** ACTIVITY **
Transcribe each entry below exactly. Pictures do not go in the copy.
------ MATERIAL FOR THE TASK
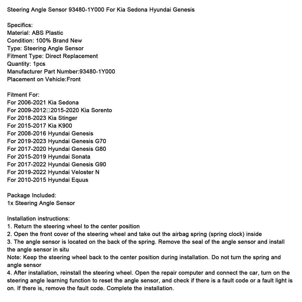 Senzor kota krmiljenja 93480-1Y000 za Kia Sedona Hyundai Genesis
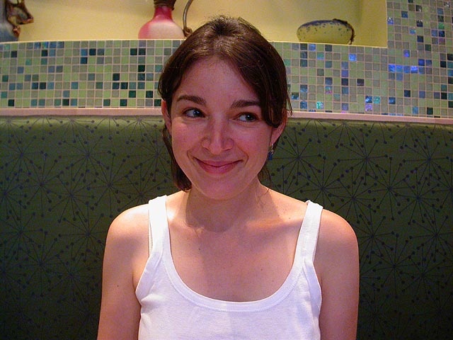 on the train ride back home, i briefly thought about renata, maybe she wouldn't be busy tonight and maybe we could do something, but then i thought maybe seeing each other on consecutive nights might violate some sort of rule of engagement, and besides, i assumed she'd be busy, tonight being the start of the 4th of july long weekend and all. so instead i was happy to spent a quiet friday evening alone, come home, take a bath, read the latest issue of entertainment weekly, drink a can of soda, eat a bowl of cherries, then later cook up some ramen for dinner. i was in the kitchen washing the cherries so i didn't hear my phone ringing. i listened to the message, from renata, "tony, call me when you get this message," and i thought i was in some kind of trouble, because the tone over the nokia sounded serious. i called her back and she asked if i wanted to have dinner; my answer was "of course," renata unknowingly rescuing me from a night of ramen. i asked for enough time to shower and freshen up, and she arrived 30 minutes later.
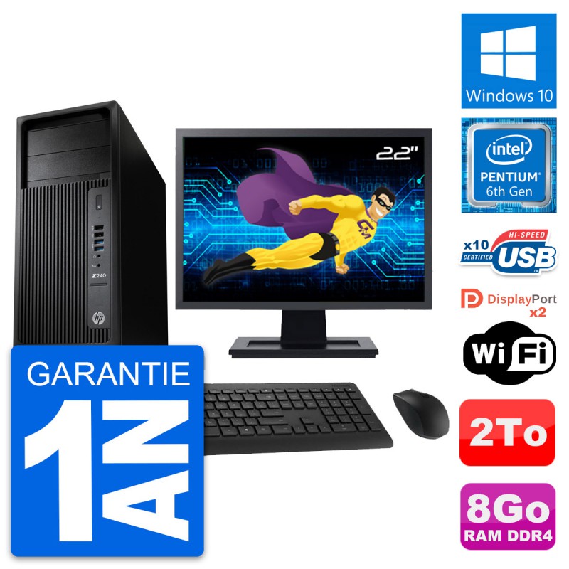 PC Tour HP WorkStation Z240 MT - Intel Pentium Dual-Core G4400 3.3 Ghz (3 Mo) - 8 Go DDR4 - Disque Dur 3,5" 2 To - Clef Wifi USB - Windows 10 - Livré avec Ecran 22" + clavier + souris (Marques et modèles variables) - Garantie 1 an.
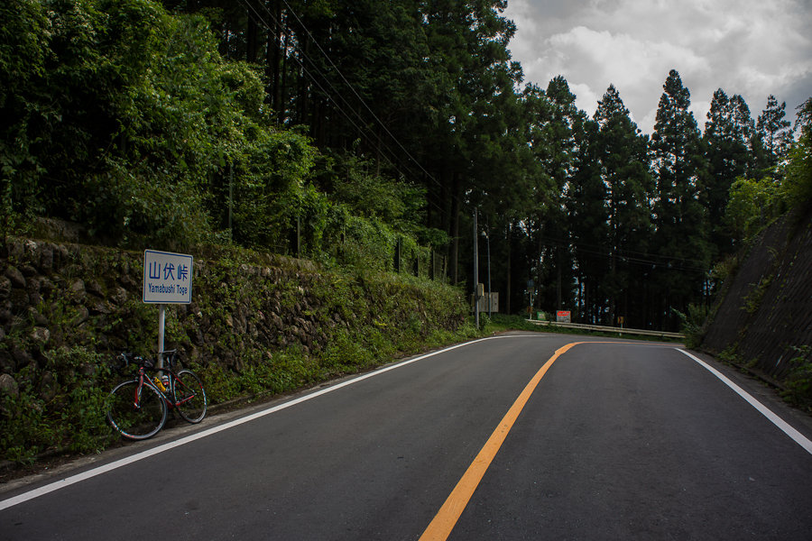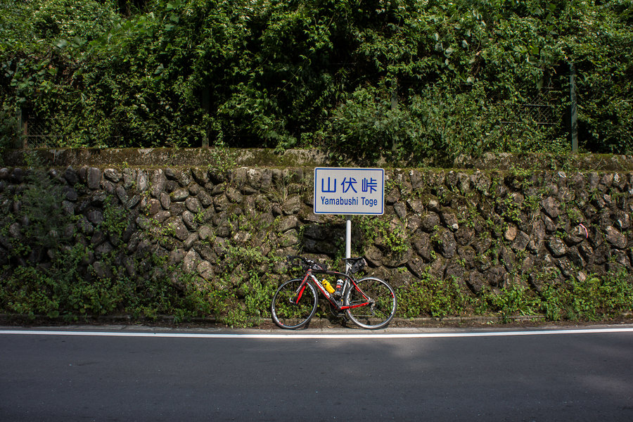 頭痛も収まってきて、立ち上がる事はできるようになりました。少しは良くなったかと、自転車にまたがり進みますが、力を入れてクランクを回すと、両足が急にツリそうな気配を感じます。足は疲れていないはずなので、疲労によるものではなく、おそらく塩分濃度低下による熱けいれんというやつでしょう。大人しく自転車を降り、押して歩いて登ります。「あーこっから全部歩かにゃならんのか」とゲンナリしましたが、休み休みでも登って来てはいたので、案外すぐに山伏峠の頂上に辿り着きました。
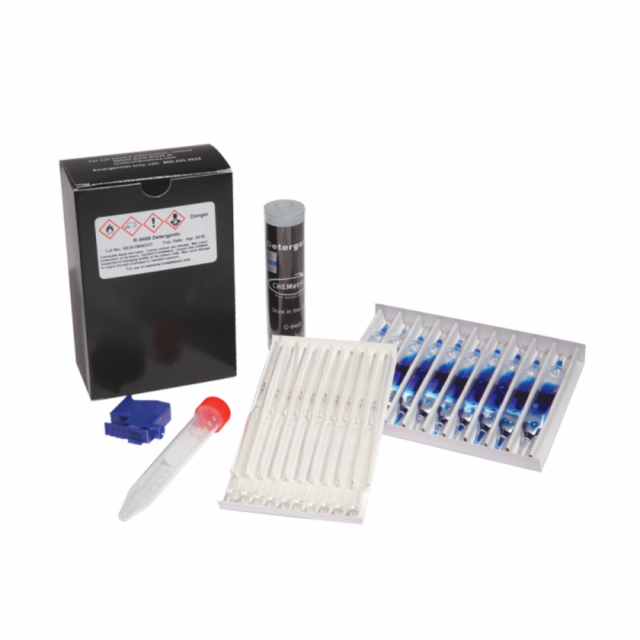 Chemetrics, K-9400, Detergents (anionic surfactants, MBAS) - CHEMets Visual KitDetergents (MBAS) test kit K-9400 comes in a cardboard box and contains everything needed to perform 20 tests.
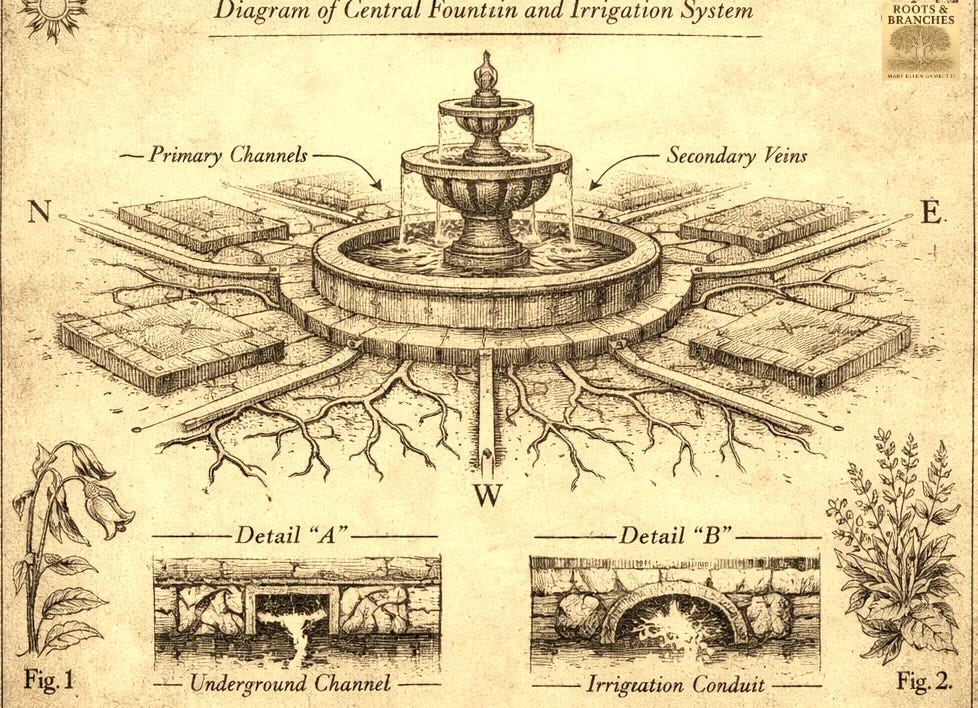 In the Substack serialization of the novella, there’s a scene called “The Estate’s Arteries” where Sarah, James, and Helen discover that what appears ornamental is not ornamental, and what appears separate is not separate. Beneath the visible paths, something is always moving.
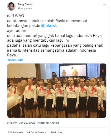 [Cek Fakta] Video Anak Sekolah di Rusia Nyanyikan Lagu Indonesia Raya Sambut Kedatangan Presiden Jokowi? Ini Faktanya
------------
** WRITTEN SOLUTION **
 Senzor kota krmiljenja 93480-1Y000 za Kia Sedona Hyundai Genesis
 on the train ride back home, i briefly thought about renata, maybe she wouldn't be busy tonight and maybe we could do something, but then i thought maybe seeing each other on consecutive nights might violate some sort of rule of engagement, and besides, i assumed she'd be busy, tonight being the start of the 4th of july long weekend and all. so instead i was happy to spent a quiet friday evening alone, come home, take a bath, read the latest issue of entertainment weekly, drink a can of soda, eat a bowl of cherries, then later cook up some ramen for dinner. i was in the kitchen washing the cherries so i didn't hear my phone ringing. i listened to the message, from renata, "tony, call me when you get this message," and i thought i was in some kind of trouble, because the tone over the nokia sounded serious. i called her back and she asked if i wanted to have dinner; my answer was "of course," renata unknowingly rescuing me from a night of ramen. i asked for enough time to shower and freshen up, and she arrived 30 minutes later.
 PC Tour HP WorkStation Z240 MT - Intel Pentium Dual-Core G4400 3.3 Ghz (3 Mo) - 8 Go DDR4 - Disque Dur 3,5" 2 To - Clef Wifi USB - Windows 10 - Livré avec Ecran 22" + clavier + souris (Marques et modèles variables) - Garantie 1 an.
 頭痛も収まってきて、立ち上がる事はできるようになりました。少しは良くなったかと、自転車にまたがり進みますが、力を入れてクランクを回すと、両足が急にツリそうな気配を感じます。足は疲れていないはずなので、疲労によるものではなく、おそらく塩分濃度低下による熱けいれんというやつでしょう。大人しく自転車を降り、押して歩いて登ります。「あーこっから全部歩かにゃならんのか」とゲンナリしましたが、休み休みでも登って来てはいたので、案外すぐに山伏峠の頂上に辿り着きました。
 Chemetrics, K-9400, Detergents (anionic surfactants, MBAS) - CHEMets Visual KitDetergents (MBAS) test kit K-9400 comes in a cardboard box and contains everything needed to perform 20 tests.
 In the Substack serialization of the novella, there’s a scene called “The Estate’s Arteries” where Sarah, James, and Helen discover that what appears ornamental is not ornamental, and what appears separate is not separate. Beneath the visible paths, something is always moving.
 [Cek Fakta] Video Anak Sekolah di Rusia Nyanyikan Lagu Indonesia Raya Sambut Kedatangan Presiden Jokowi? Ini Faktanya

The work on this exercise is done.